Over at Marginal Revolution Alex reveals that he has gotten a flu shot, and uses that fact to draw out a brief analysis of the external benefits that he does not entirely get to enjoy from his shot: his shot reduces contagion, reducing illness in others, which has only a small benefit that redounds to him. He closes by asking for suggestions on how to encourage more people to get flu shots, short of flat-out coercion and mandatory flu shots.
Let’s turn Alex’s point on its head. Alex gets a flu shot because he wants to get kissed.
The primary reason Alex gets a flu shot is to reduce his (and his family’s) probability of illness. A second reason may be to reduce the illness probability facing his friends. A third reason may be to reduce the illness probability facing his students.
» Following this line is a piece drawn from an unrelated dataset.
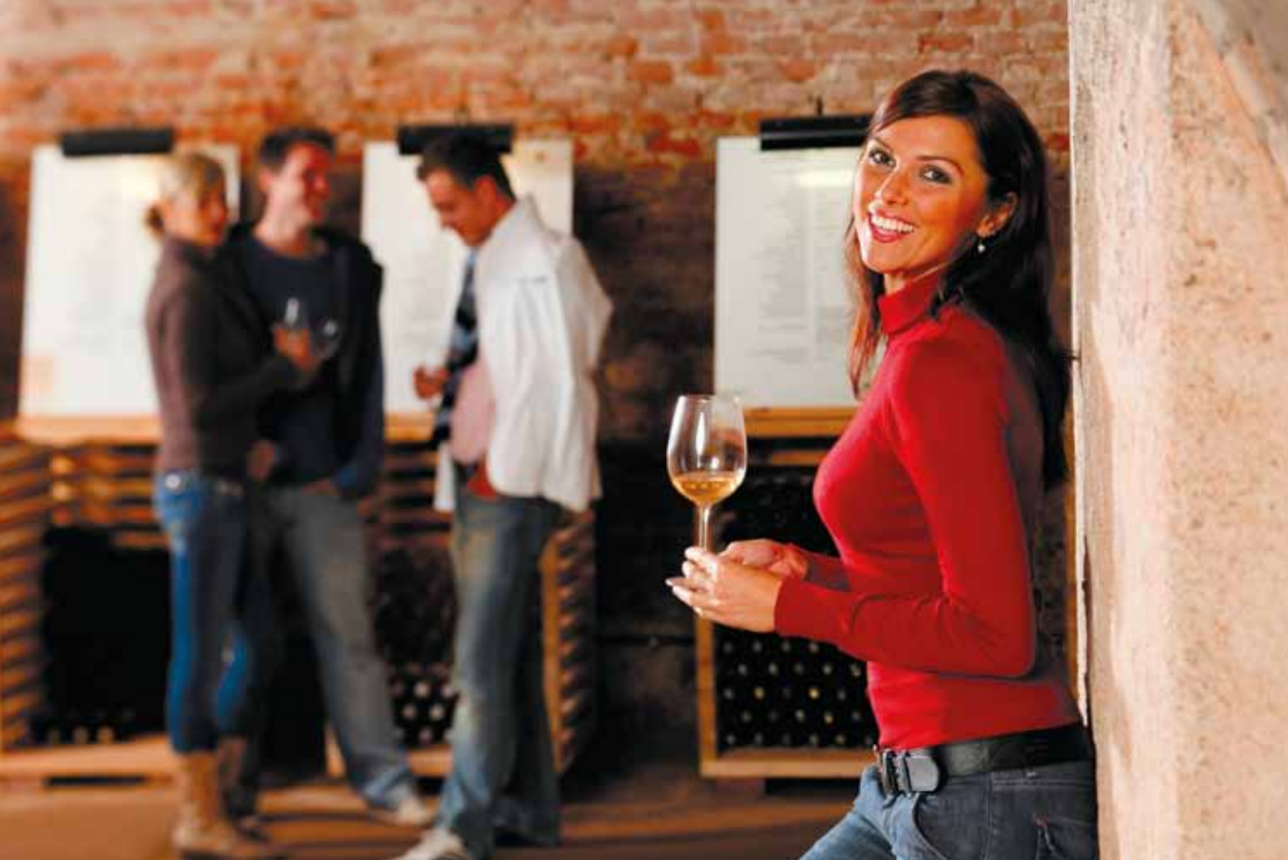
Salon des vins de la République tchèque à Valtice

This is the crucial point to remember whenever anyone starts talking about tax or subsidy policies to “internalize externalities”: at the margin, the greatest beneficiary of Alex’s action is Alex. If the marginal benefit to him of getting the shot is larger than the marginal cost, then he’ll do it, even if we don’t have some elaborate scheme of subsidies to compensate him for the benefit he generates for us. If his desire to prevent illness in himself and in his close circle is high enough, he’ll do it, and any payment we make to him at the margin could be inframarginal; it might not change his behavior.
That case is what Buchanan & Stubblebine (Economica, 1961) classified as a Pareto-irrelevant, or just irrelevant, externality. In that case, a system of payments provides nothing more than a wealth transfer without changing the actual amount of the beneficial behavior that occurs.
Note the important policy implication of this insight: not all externalities need to be eliminated to achieve efficiency and the optimal amount of the behavior in question. In an efficient equilibrium, externalities still exist, it’s just that they are inframarginal.
So let’s sharpen Alex’s question. What is a good policy for ensuring that Pareto-relevant externalities are reduced or eliminated? How do we determine if an externality like the one he’s describing is relevant or irrelevant?